As of 2009, the size of the worldwide bond market (total debt outstanding) is an estimated $82.2 trillion, of which the size of the outstanding U.S. bond market debt was $31.2 trillion according to Bank for International Settlements (BIS),…
Finally Wikipedia reports the shadow banking assets in a comparable area to the stock and bond markets.
In November 2012 Bloomberg reported on a Financial Stability Board report showing an increase of the SBS to about $67 trillion
The question becomes, if $85 billion monthly excess demand is split among stock and bond markets, how much of an impact will it likely have? Assuming that all of it makes it to bid up the stock market somehow and assuming a normal linear demand curve for stocks, we’re talking about a dilution of about 0.2% per month or about 3% per year. That should be the upper limit of the bias. You may say but what about leverage? Okay, if you talk leverage of 10 to 1 and you apply it to just the derivatives market you get a number half that large. Either way, we should not see anywhere near the kind of gains we’ve seen in the last four years (24% per year), let alone the torrid 55% annual pace seen in the last four months.
The rally in the West continued into Asia Wednesday with a 1.1% gain. The party stalled out in Europe as stocks there declined 0.3%. In the U.S., after trading in positive territory most of the day, stocks closed nearly even on low volume. While gold and silver had modest gains for the day, miners roared upward 4%. Thursday Asia up 0.6%, Europe down slightly, U.S. up slightly on low volume. VXO fell 3% to close at the unsustainable 11.99 level. Elsewhere in fantasy land, Facebook gained over 4% on a really novel idea of presenting customized news on-line while IBM is now knocking at the door of $210.
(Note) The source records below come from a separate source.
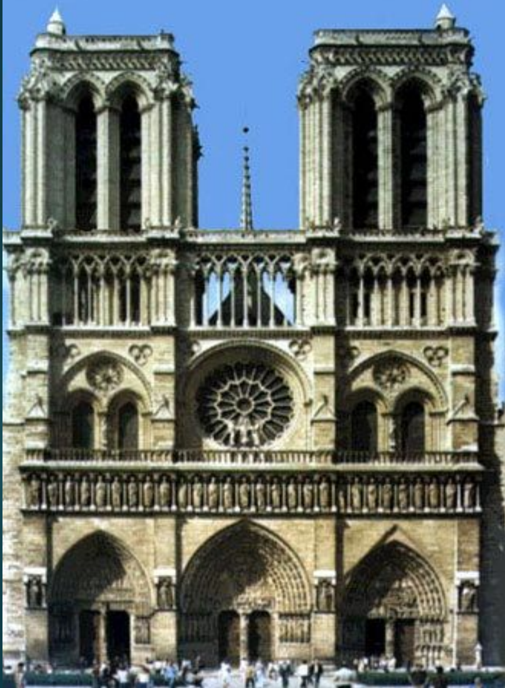
Собор Нотр-Дам в Парижі
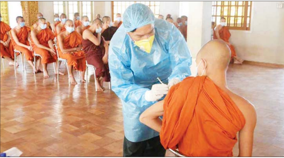
သံဃာတော်များနှင့် သာသနာ့နယ်ဝင်များအား ကိုဗစ်-၁၉ ကာကွယ်ဆေး ထိုးနှံပေးစဉ်။
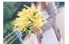
natural garden purplea
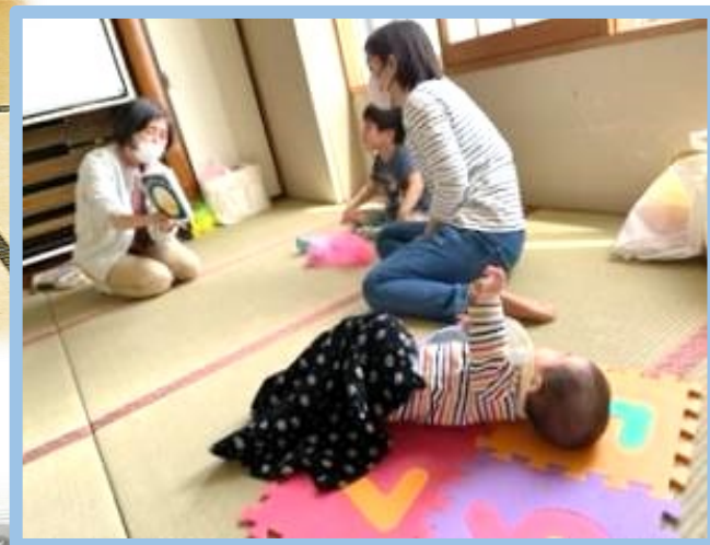
毎月1回実施する「読み聞かせ」

これからも、お子さんとママ・パパと一緒に楽しめるように、一年を通して四季折々の催事をセットし、夏にはプールの準備をします。
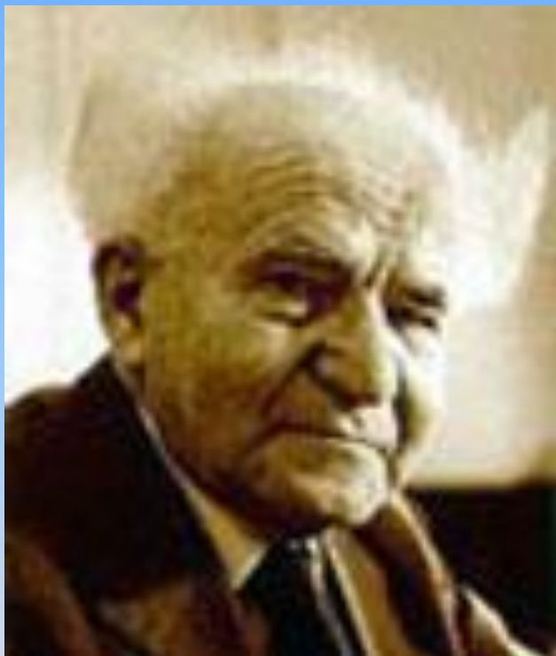
Давид Бен-Гурион, (1948-1954), партия Мапай

Премьер-министр является главой правительства и кабинета министров и пребывает на своём посту 4 года. Премьер-министром, как правило, становится председатель партии, получившей на всеобщих выборах наибольшее число голосов.
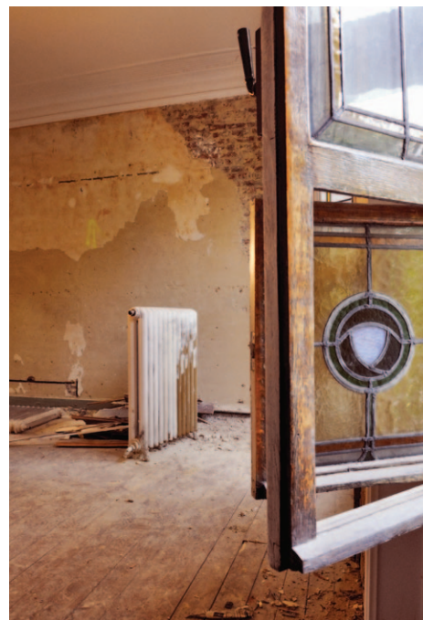
Afb. 1a Zicht vóór de werken.

Om de oorspronkelijke toestand van 1907 te herstellen, werden verdwenen elementen gereconstrueerd van het hekwerk (muur en voortuin), de leien dakbedekking, sommige ramen van de achtergevel, de kalkbe-

Stocks in Asia again moved upward Friday, rising 0.5%. In Europe the rise was 0.6% and in the U.S. 0.5% on low volume. Here’s an article that indicates that the Fed may not sell it’s bonds but just let them expire. The employment numbers came in surprisingly positive with the unemployment rate dropping to 7.7%. As usual, a look beyond the headline gives a less rosy picture. Apparently, it doesn’t matter whether the news is good, bad, or indifferent. All news is positive for the stock market unless the Fed says so.
For the Week
After dipping down to 1.85%, the 10-Year U.S. Treasury Bond rate soared nearly 11% for the week to close at 2.05%. Stocks roared upward over 2% while the VXO collapsed nearly 25% to close at 11.63. IBM powered upward nearly 4% to close above $210.